**Provided entries:**
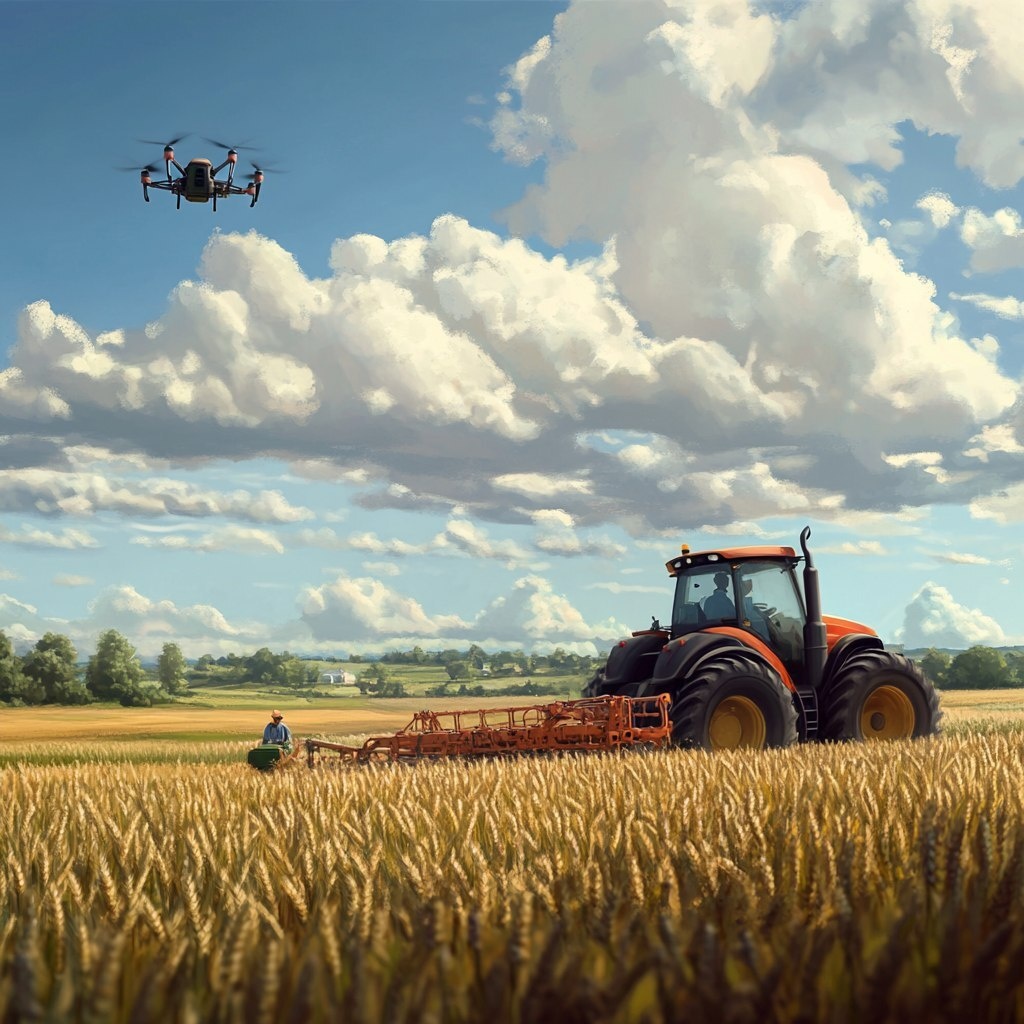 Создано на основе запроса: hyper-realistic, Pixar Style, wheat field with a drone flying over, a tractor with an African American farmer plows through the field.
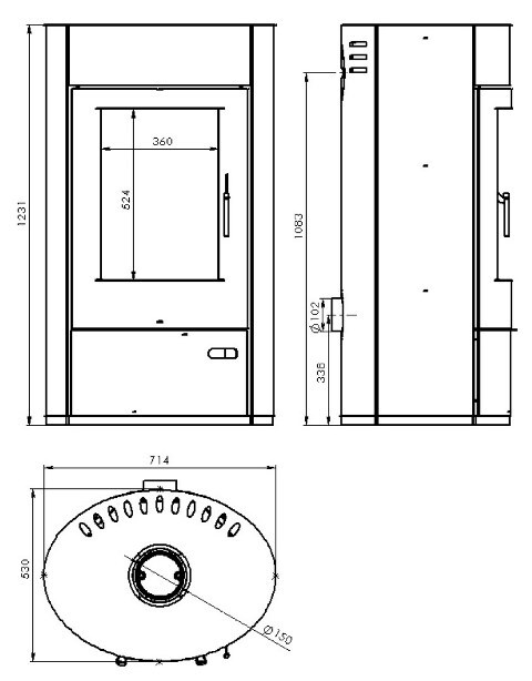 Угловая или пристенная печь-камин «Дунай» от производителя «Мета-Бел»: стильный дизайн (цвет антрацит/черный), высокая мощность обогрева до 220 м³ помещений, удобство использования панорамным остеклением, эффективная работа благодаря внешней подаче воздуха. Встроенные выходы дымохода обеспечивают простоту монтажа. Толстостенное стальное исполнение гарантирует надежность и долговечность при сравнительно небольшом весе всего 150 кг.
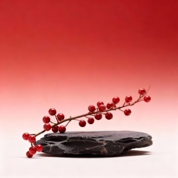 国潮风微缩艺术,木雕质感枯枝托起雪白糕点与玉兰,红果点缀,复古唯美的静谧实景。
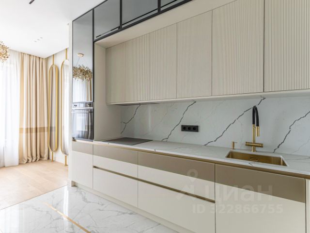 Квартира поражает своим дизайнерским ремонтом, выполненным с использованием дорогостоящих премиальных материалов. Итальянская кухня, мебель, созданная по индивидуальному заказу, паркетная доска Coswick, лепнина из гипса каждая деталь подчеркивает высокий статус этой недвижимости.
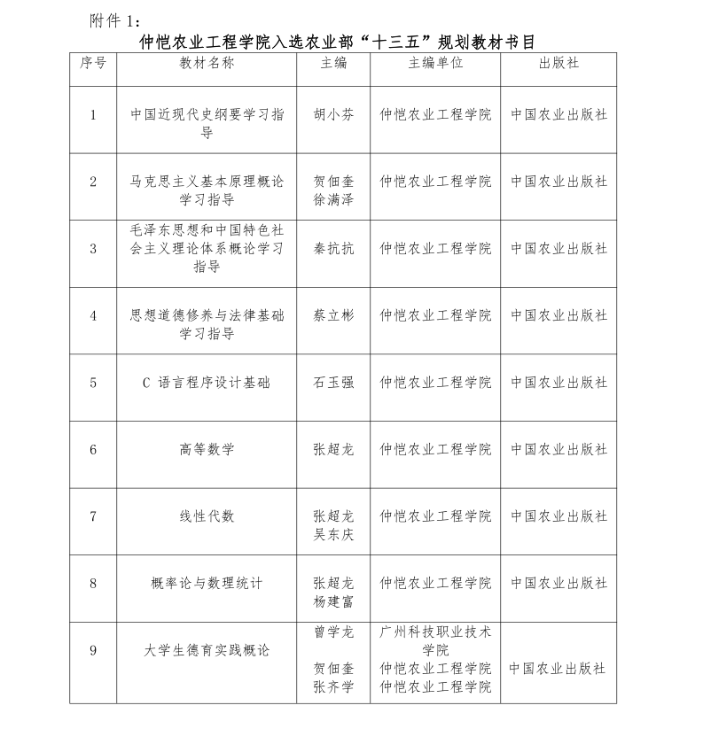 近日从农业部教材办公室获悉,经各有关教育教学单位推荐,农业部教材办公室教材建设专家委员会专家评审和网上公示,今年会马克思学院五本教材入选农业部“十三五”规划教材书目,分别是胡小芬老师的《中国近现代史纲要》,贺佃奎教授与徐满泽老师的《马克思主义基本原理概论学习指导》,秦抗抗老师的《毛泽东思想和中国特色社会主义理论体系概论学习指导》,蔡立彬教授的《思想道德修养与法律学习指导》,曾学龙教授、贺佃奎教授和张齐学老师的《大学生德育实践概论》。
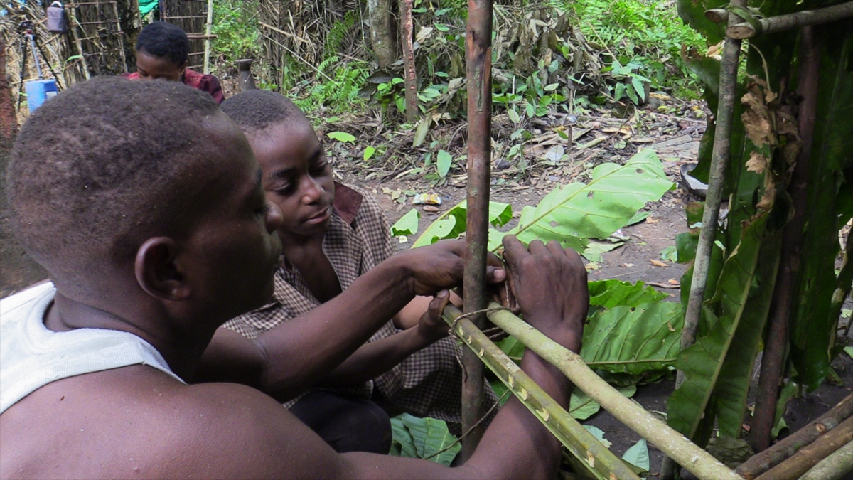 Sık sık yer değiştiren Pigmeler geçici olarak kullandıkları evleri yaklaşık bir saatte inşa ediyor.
--
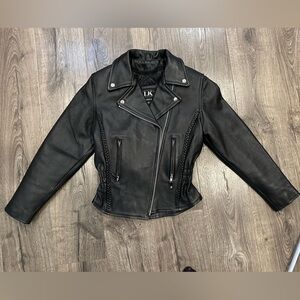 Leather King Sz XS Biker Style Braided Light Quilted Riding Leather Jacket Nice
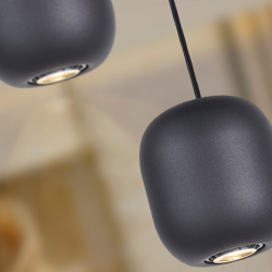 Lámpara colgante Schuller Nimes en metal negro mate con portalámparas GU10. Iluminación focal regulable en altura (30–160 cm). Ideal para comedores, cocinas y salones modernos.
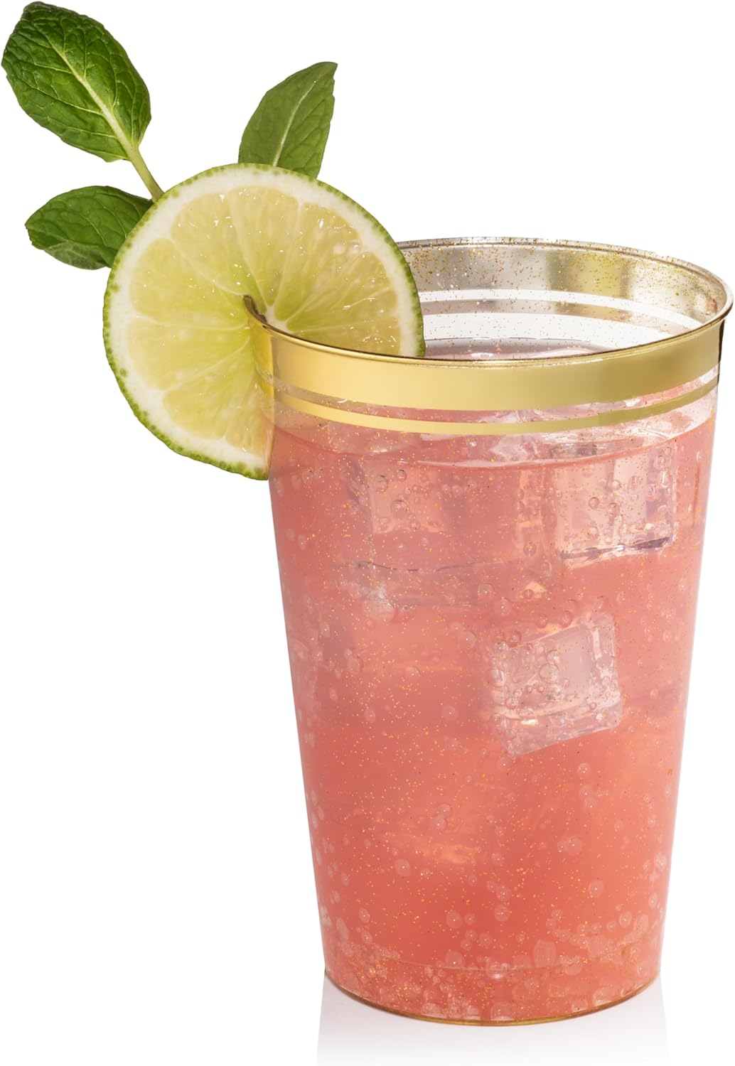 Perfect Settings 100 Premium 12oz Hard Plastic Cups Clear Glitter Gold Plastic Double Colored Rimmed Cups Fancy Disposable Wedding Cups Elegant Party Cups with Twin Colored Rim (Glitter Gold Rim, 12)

**Try it:**
Reproduce the lines above starting at the one with "Квартира поражает своим" and ending at the one with "Sık sık yer", both included, exactly and with no pictures.

**Your solution:**
 Квартира поражает своим дизайнерским ремонтом, выполненным с использованием дорогостоящих премиальных материалов. Итальянская кухня, мебель, созданная по индивидуальному заказу, паркетная доска Coswick, лепнина из гипса каждая деталь подчеркивает высокий статус этой недвижимости.
 近日从农业部教材办公室获悉,经各有关教育教学单位推荐,农业部教材办公室教材建设专家委员会专家评审和网上公示,今年会马克思学院五本教材入选农业部“十三五”规划教材书目,分别是胡小芬老师的《中国近现代史纲要》,贺佃奎教授与徐满泽老师的《马克思主义基本原理概论学习指导》,秦抗抗老师的《毛泽东思想和中国特色社会主义理论体系概论学习指导》,蔡立彬教授的《思想道德修养与法律学习指导》,曾学龙教授、贺佃奎教授和张齐学老师的《大学生德育实践概论》。
 Sık sık yer değiştiren Pigmeler geçici olarak kullandıkları evleri yaklaşık bir saatte inşa ediyor.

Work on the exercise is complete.